Neck: The neck is the narrow section that connects the tuber body to the crown. It’s like a small “stem” between the two. A strong, intact neck is essential — if it’s broken off or damaged, that tuber can’t send energy to the new growth and won’t sprout.

Body/Base: The lower, swollen part of the tuber that stores energy — sometimes just called the tuber itself.

In short: the crown holds the eyes, the neck connects the tuber to the crown, and the tuber itself stores the energy that fuels new growth. When selecting or dividing dahlias, always make sure each piece has a firm neck and an attached section of crown with at least one visible eye.
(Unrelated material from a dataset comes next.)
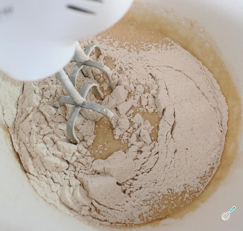 Adicione aos poucos os ingredientes secos da massa do bolo com maçã e passas e continue batendo em velocidade baixa.
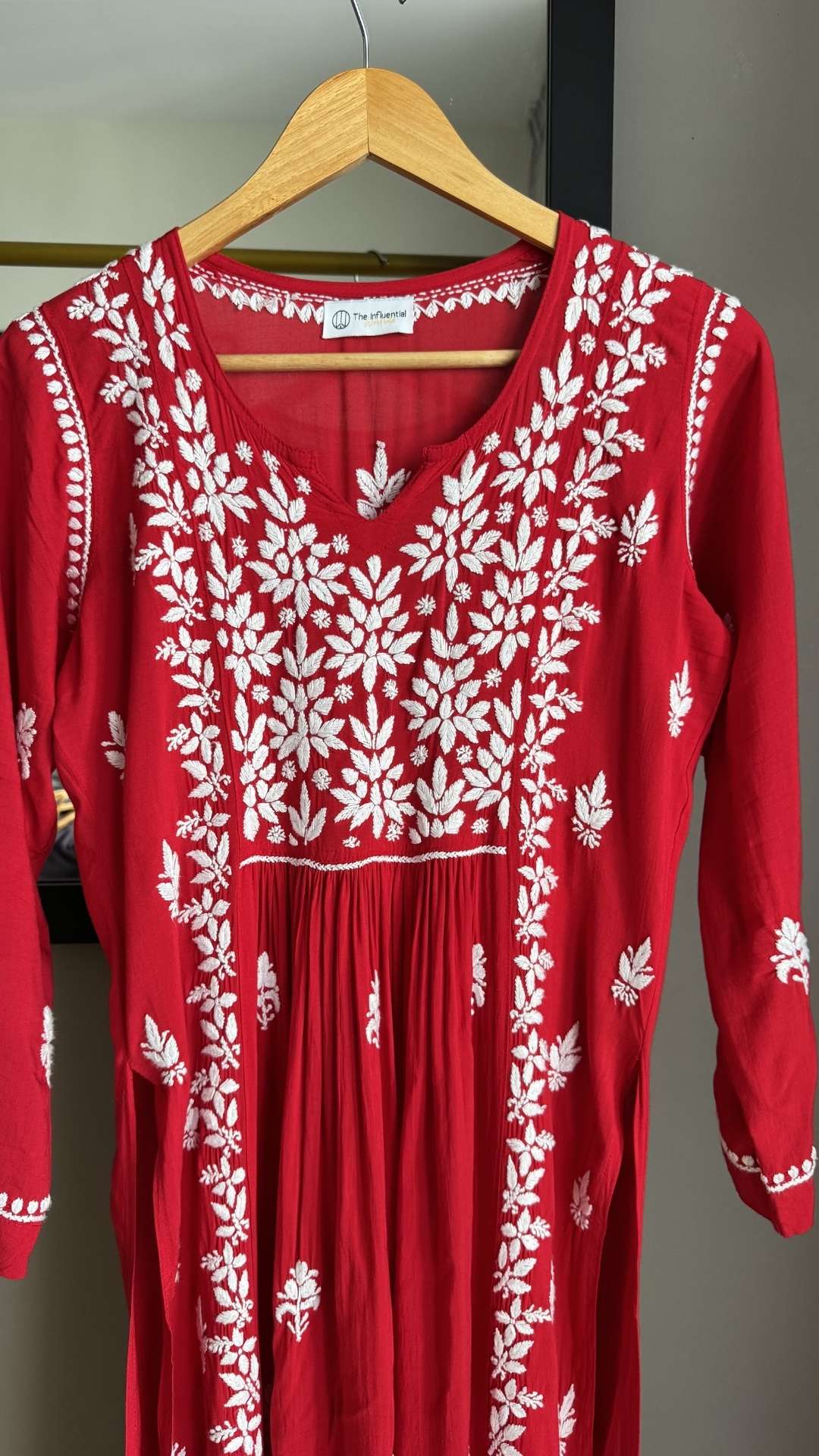 Modal Nyra Cut Chikankari Long Kurta - Red

Keeping It Clean: Proper Sanitizing Techniques for Healthy Dahlias

Sanitizing garden tools between every snip when working with dahlia plants is essential for maintaining healthy stock and preventing the spread of disease. Dahlias are highly susceptible to bacterial and viral infections, which can easily be transferred from plant to plant through contaminated tools. Even a small trace of sap on pruners or knives can carry pathogens that infect healthy tubers or stems. To protect our plants, we thoroughly disinfect our tools using disinfectant wipes and bleach water between every cut and before starting to divide a new plants tubers. This extra step helps ensure that each dahlia remains healthy, strong, and ready to produce beautiful blooms year after year.

Trina’s Best Practices

  • Pre-sprout tubers indoors 2–3 weeks before planting to avoid rot and accelerate growth.
  • Pinch plants when they reach 12–16" tall to encourage bushier, stronger stems and more blooms.
  • Stake early—add support at planting to prevent damage once plants are tall and heavy.
  • Deadhead regularly to encourage continuous flowering throughout the season.
  • Fertilize properly: Use a low-nitrogen, bloom-boosting fertilizer such as 5‑10‑10. This supports root strength and flower production without overproducing foliage.
  • Avoid overwatering—tubers hate wet feet. Ensure well-draining soil and water only when needed.
  • Rotate planting locations annually to reduce risk of pests and soil-borne diseases.
  • Label each plant clearly to track performance and color—especially helpful for saving and dividing tubers.
  • Store tubers properly after harvest: cure them for 5–7 days in a dry, dark place, then store in peat moss at 40–45°F, checking monthly for rot or dehydration.